EXERCISE OBJECTIVE - Pictures stay out of the output. Return exactly the lines below from the one with "飛利浦足療機腳部按摩器全自動揉捏氣囊加熱腳底足底足部按摩儀" down to the one with "Την ξέφρενη κούρσα", both included, and nothing more.
+ + +
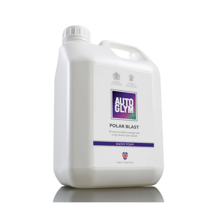 Polar Blast is a snow foam Available in 2.5 Litre which can be applied using a pressure washer or foam gun as a pre-wash stage. It covers the vehicle in a rich blanket of foam that clings to the paintwork to gently loosen dirt and heavy soiling prior to shampooing. This reduces the risk of scratches and swirl marks caused by or a wash mitt moving over heavy contamination. It's a PH-neutral formulation that will not remove any existing layers of polish or wax.
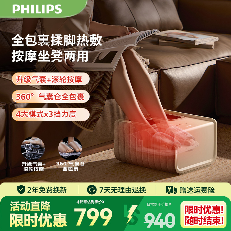 飛利浦足療機腳部按摩器全自動揉捏氣囊加熱腳底足底足部按摩儀
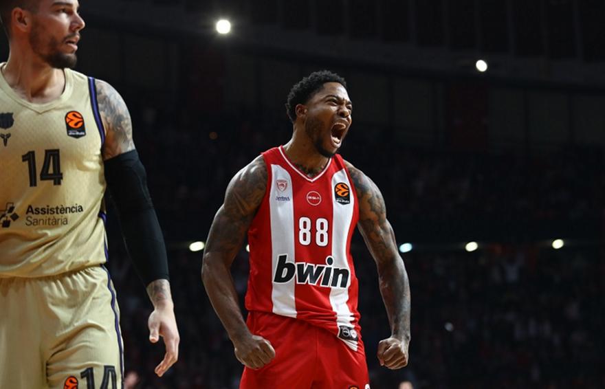 Την ξέφρενη κούρσα του Ιανουαρίου συνέχισε απτόητος ο Ολυμπιακός. Με «όπλο» την εκπληκτική του άμυνα στο τέταρτο δεκάλεπτο και με κορυφαίους τους Βεζένκοφ και Τζόουνς που έκαναν τα πάντα και συνέφεραν, οι Πρωταθλητές Ελλάδας υπέταξαν την Μπαρτσελόνα στο «καυτό» ΣΕΦ με 87-75 και ανέβασαν το φετινό τους ρεκόρ στο 16-8, πατώντας γερά στην πρώτη προνομιούχο τετράδα.
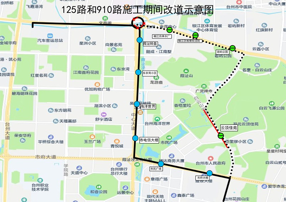 四、125路和910路調整由黃海公路經中心大道、市府大道接原線路。期間取消椒江自來水廠、椒江區檢察院法院、巖嶼公園、云頂佳苑站,經停葭沚轉盤、東京灣小區、海洋世界、市電信大樓、市民廣場、市府大樓站。
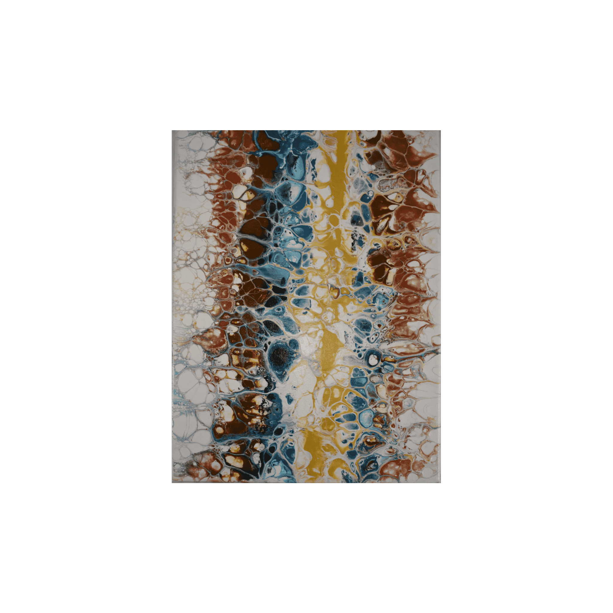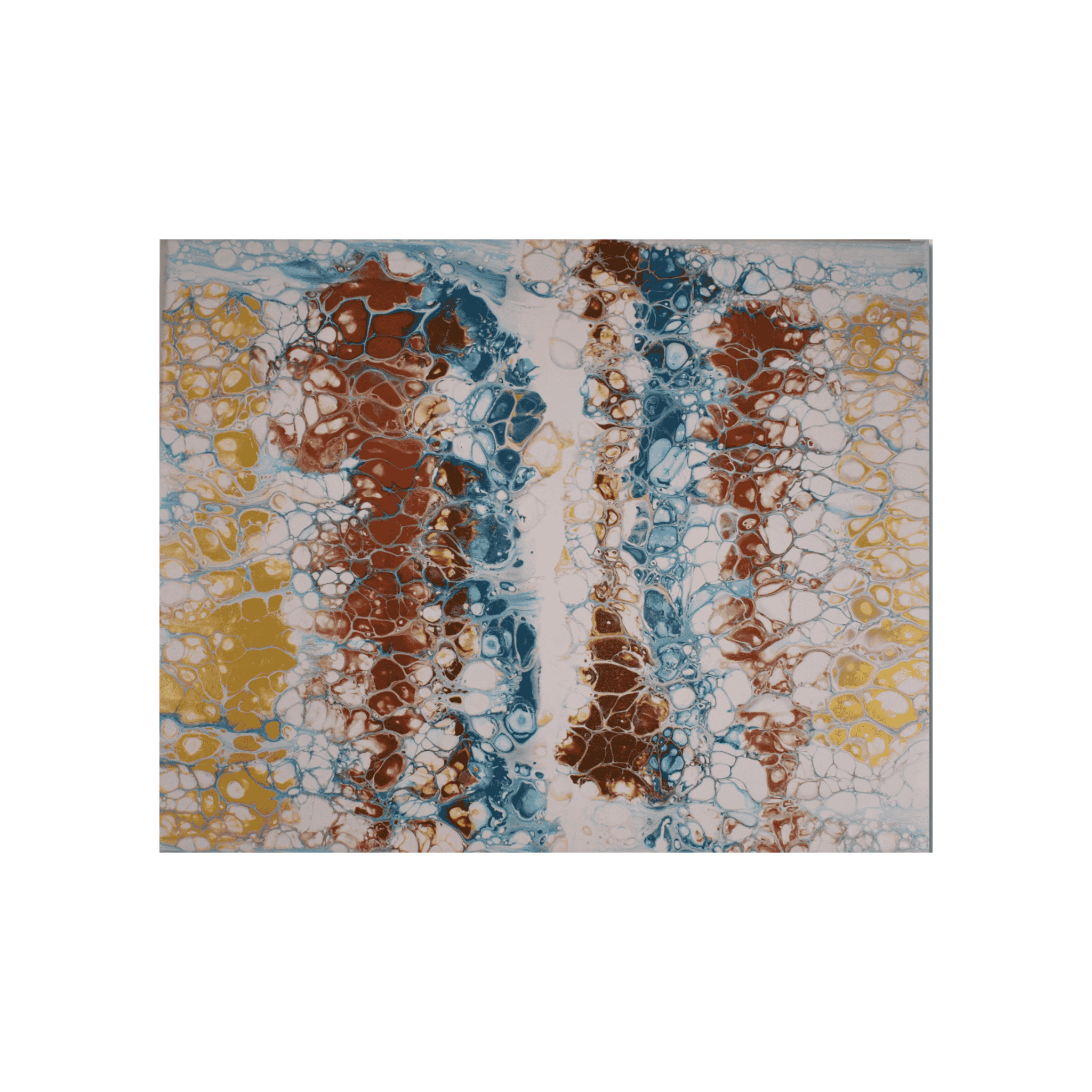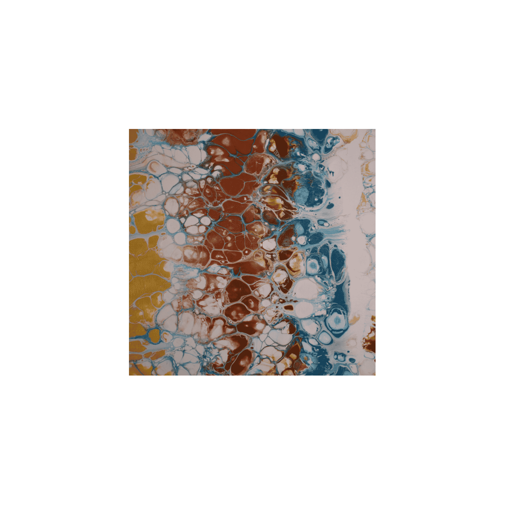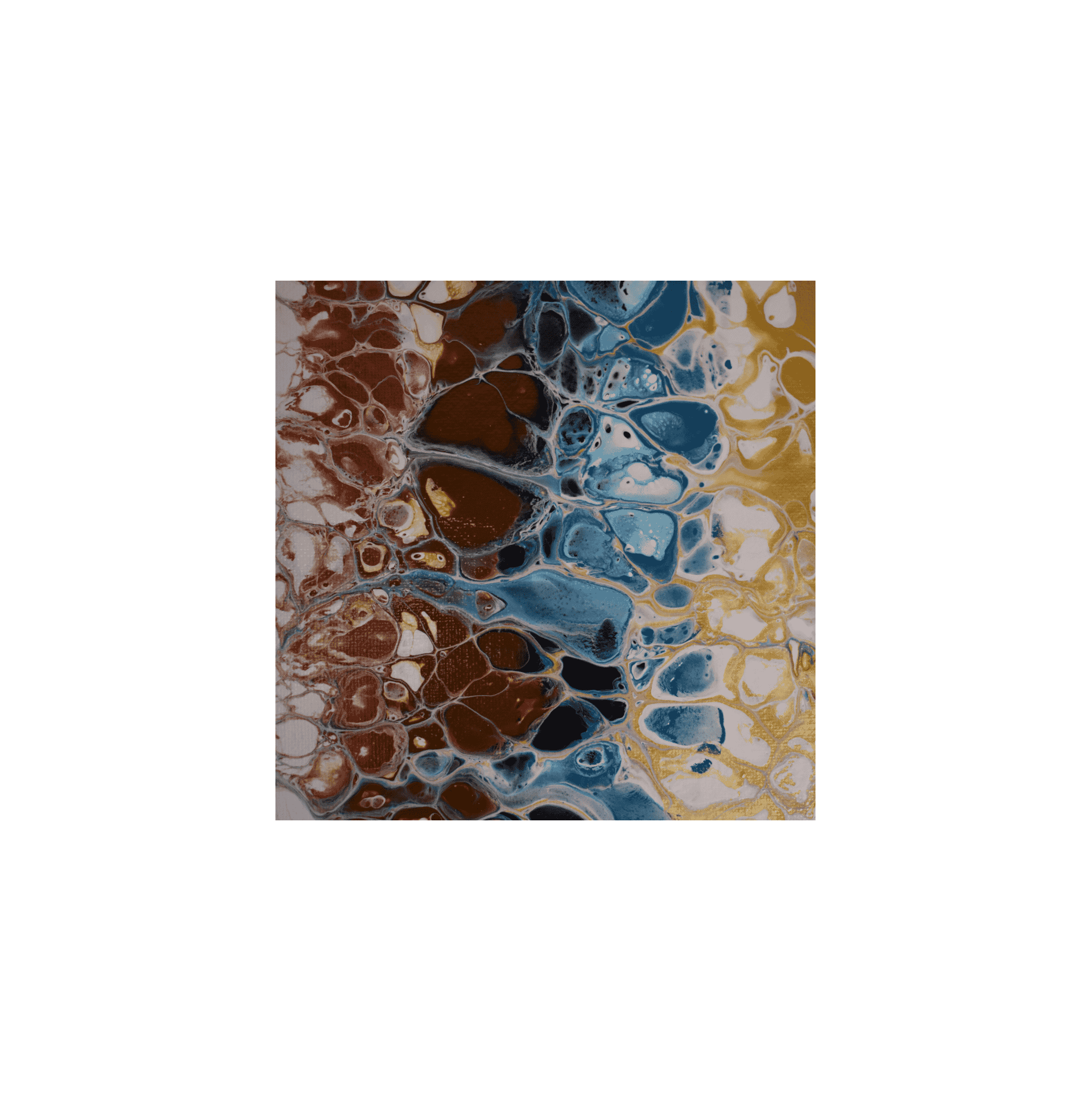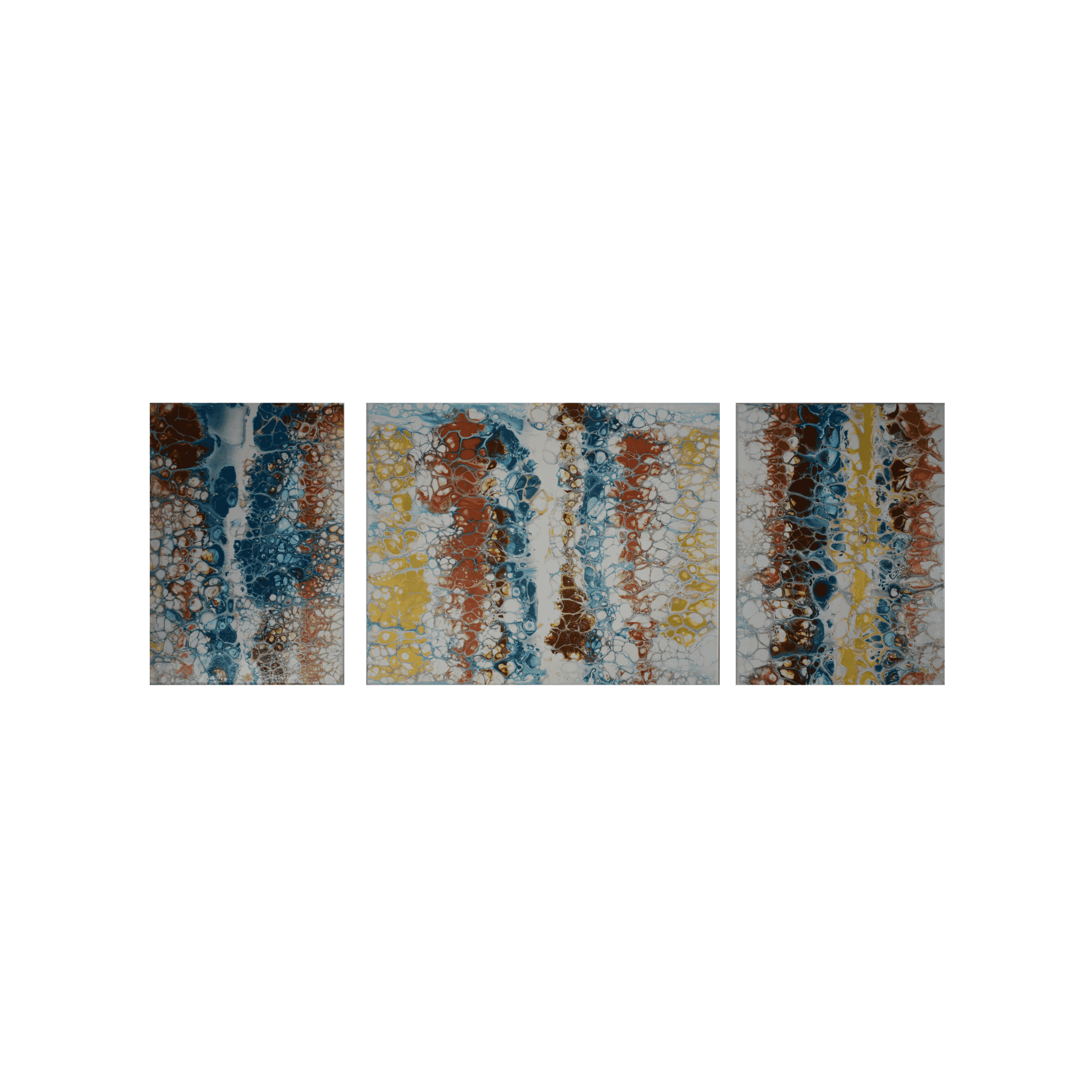 Technique: Swipe. The paint was poured onto a base layer of white paint, and then the design was created using by swiping the paint across the canvases to reveal cells and lacing effects.
+ + +
ANSWER AREA -
 飛利浦足療機腳部按摩器全自動揉捏氣囊加熱腳底足底足部按摩儀
 Την ξέφρενη κούρσα του Ιανουαρίου συνέχισε απτόητος ο Ολυμπιακός. Με «όπλο» την εκπληκτική του άμυνα στο τέταρτο δεκάλεπτο και με κορυφαίους τους Βεζένκοφ και Τζόουνς που έκαναν τα πάντα και συνέφεραν, οι Πρωταθλητές Ελλάδας υπέταξαν την Μπαρτσελόνα στο «καυτό» ΣΕΦ με 87-75 και ανέβασαν το φετινό τους ρεκόρ στο 16-8, πατώντας γερά στην πρώτη προνομιούχο τετράδα.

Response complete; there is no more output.